For development installation:

git clone https://github.com/yourusername/scheduletools.git
cd scheduletools
pip install -e ".[dev]"

Usage

Programmatic Usage

from scheduletools import ScheduleParser, CSVSplitter, ScheduleExpander
import pandas as pd

# Parse schedule with default settings
parser = ScheduleParser("schedule.txt", reference_date="2025-07-21")
parsed_data = parser.parse()

# Parse with custom configuration
custom_config = {
    "Format": {
        "Date": "%m/%d/%Y",
        "Time": "%I:%M %p"
    },
    "Block Detection": {
        "start_marker": "Date",
        "skip_meta_rows": True
    },
    "Missing Values": {
        "Omit": True,
        "Replacement": "TBD"
    }
}

parser = ScheduleParser(
    "schedule.txt", 
    reference_date="2025-07-21",
    config=custom_config
)
parsed_data = parser.parse()

# Split by team
splitter = CSVSplitter(parsed_data, "Team")
team_schedules = splitter.split()

# Expand with template
expander = ScheduleExpander(team_schedules["16U"], expansion_template)
expanded_data = expander.expand()

As a CLI Tool

# Parse a schedule file with default block marker
schtool parse schedule.txt -o parsed_schedule.csv

# Parse with custom block marker
schtool parse schedule.txt --block-marker "Day" -o parsed_schedule.csv

# Split by team
schtool split parsed_schedule.csv -g Team -o team_schedules/

# Expand with template
schtool expand team_schedules/Team_A.csv template.json -o final_schedule.csv

# Complete workflow
schtool process schedule.txt -o output/ -t template.json

Documentation

ScheduleParser

Parse schedule data from various formats into structured DataFrames.
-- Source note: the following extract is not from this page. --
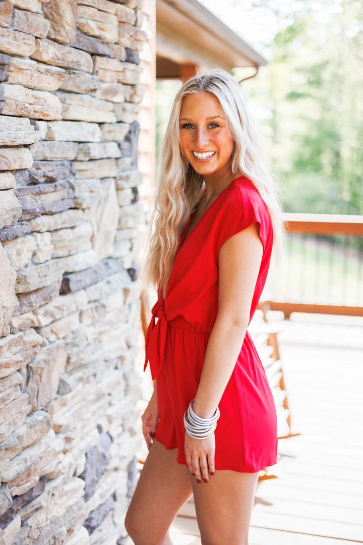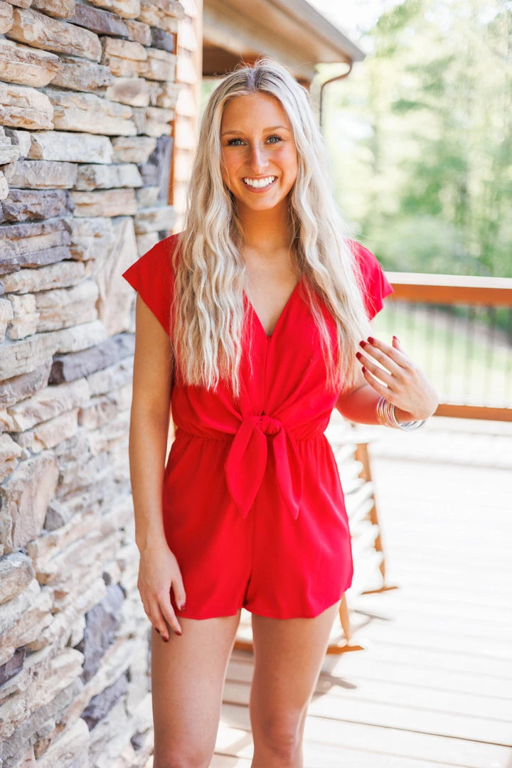 Red tie front romper with open back

from scheduletools import ScheduleParser

# Basic usage with default block marker ("Date")
parser = ScheduleParser("schedule.txt")
df = parser.parse()

# With custom block marker
parser = ScheduleParser("schedule.txt", block_start_marker="Day")
df = parser.parse()

# With custom configuration
parser = ScheduleParser(
    "schedule.txt",
    config_path="config.json",
    reference_date="2025-09-02",
    block_start_marker="Day"
)
df = parser.parse()

Configuration Format:

{
    "Format": {
        "Date": "%m/%d/%Y",
        "Time": "%I:%M %p",
        "Duration": "H:MM"
    },
    "Block Detection": {
        "start_marker": "Date",
        "skip_meta_rows": true,
        "meta_patterns": ["ice", "time", "header", "day", "week", "note", "info"]
    },
    "Missing Values": {
        "Omit": true,
        "Replacement": "missing"
    },
    "Split": {
        "Skip": false,
        "Separator": "/"
    }
}

Block Detection: The parser uses a configurable block marker to identify where schedule blocks begin. By default, it looks for "Date" in the first column of each row. You can customize this behavior:

  • start_marker: Text that indicates the start of a block column (default: "Date")
  • skip_meta_rows: Whether to skip rows containing meta-information
  • meta_patterns: List of patterns to identify meta-information rows

CSVSplitter

Split CSV data into multiple DataFrames based on grouping criteria.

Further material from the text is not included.